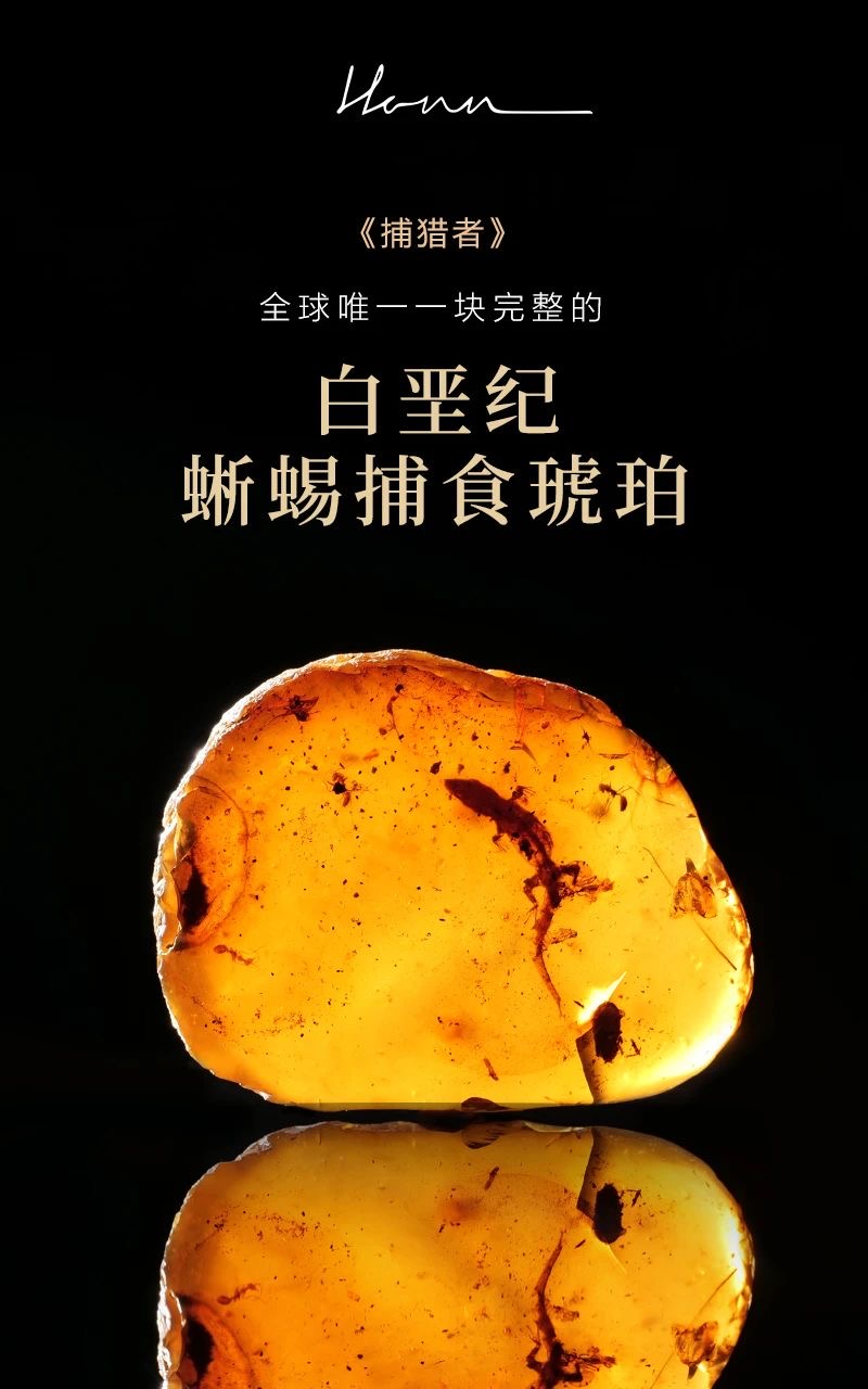 其中,《捕猎者》琥珀内部珍藏了一只恐龙时代的脊椎类爬行古生物——白垩纪蜥蜴,其强大的力量和极高的敏捷度,使其在琥珀中完美保存的机会极为罕见。然而,更为引人注目的是这只史前蜥蜴的展示方式。首次曝光于世的这只白垩纪蜥蜴,在琥珀中以一种前所未有的方式、捕猎的动态瞬间呈现。 这一不可思议的珍贵场景,在时间的长河中被永恒凝固。
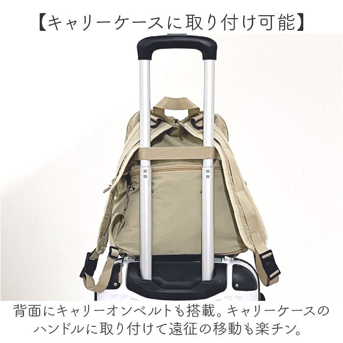 ・背面にキャリーオンベルトも搭載。キャリーケースのハンドルに取り付けて遠征の移動も楽チン。
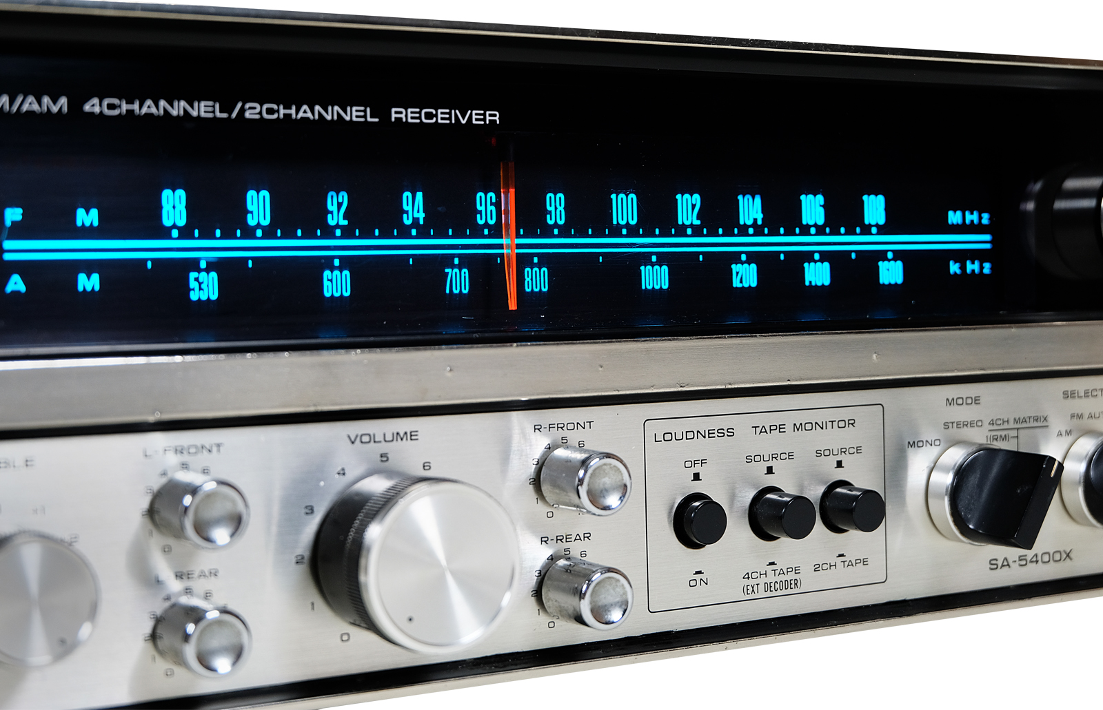 SA 5400X to kwadrofoniczny amplituner z pierwszej połowy lat 70tych o naturalnym, miękkim i ciepłym brzmieniu. Oprócz pięknego dizajnu charakterystycznego dla swojej epoki, model ten wyróżnia się konstrukcją wyposażoną w podwójną końcówkę mocy. Dzięki temu żadnemu z dwóch zestawów głośników, które można podpiąć, aby uzyskać efekt kwadrofonii, nie zabraknie mocy. Ciekawym rozwiązaniem są dwie regulacje głośności – na tył i na przód, czyli oddzielnie na każdą parę kolumn.

● THE PROBLEM:
When repeating the listing, keep each line exact and exclude the pictures.

● REPLY:
 其中,《捕猎者》琥珀内部珍藏了一只恐龙时代的脊椎类爬行古生物——白垩纪蜥蜴,其强大的力量和极高的敏捷度,使其在琥珀中完美保存的机会极为罕见。然而,更为引人注目的是这只史前蜥蜴的展示方式。首次曝光于世的这只白垩纪蜥蜴,在琥珀中以一种前所未有的方式、捕猎的动态瞬间呈现。 这一不可思议的珍贵场景,在时间的长河中被永恒凝固。
 ・背面にキャリーオンベルトも搭載。キャリーケースのハンドルに取り付けて遠征の移動も楽チン。
 SA 5400X to kwadrofoniczny amplituner z pierwszej połowy lat 70tych o naturalnym, miękkim i ciepłym brzmieniu. Oprócz pięknego dizajnu charakterystycznego dla swojej epoki, model ten wyróżnia się konstrukcją wyposażoną w podwójną końcówkę mocy. Dzięki temu żadnemu z dwóch zestawów głośników, które można podpiąć, aby uzyskać efekt kwadrofonii, nie zabraknie mocy. Ciekawym rozwiązaniem są dwie regulacje głośności – na tył i na przód, czyli oddzielnie na każdą parę kolumn.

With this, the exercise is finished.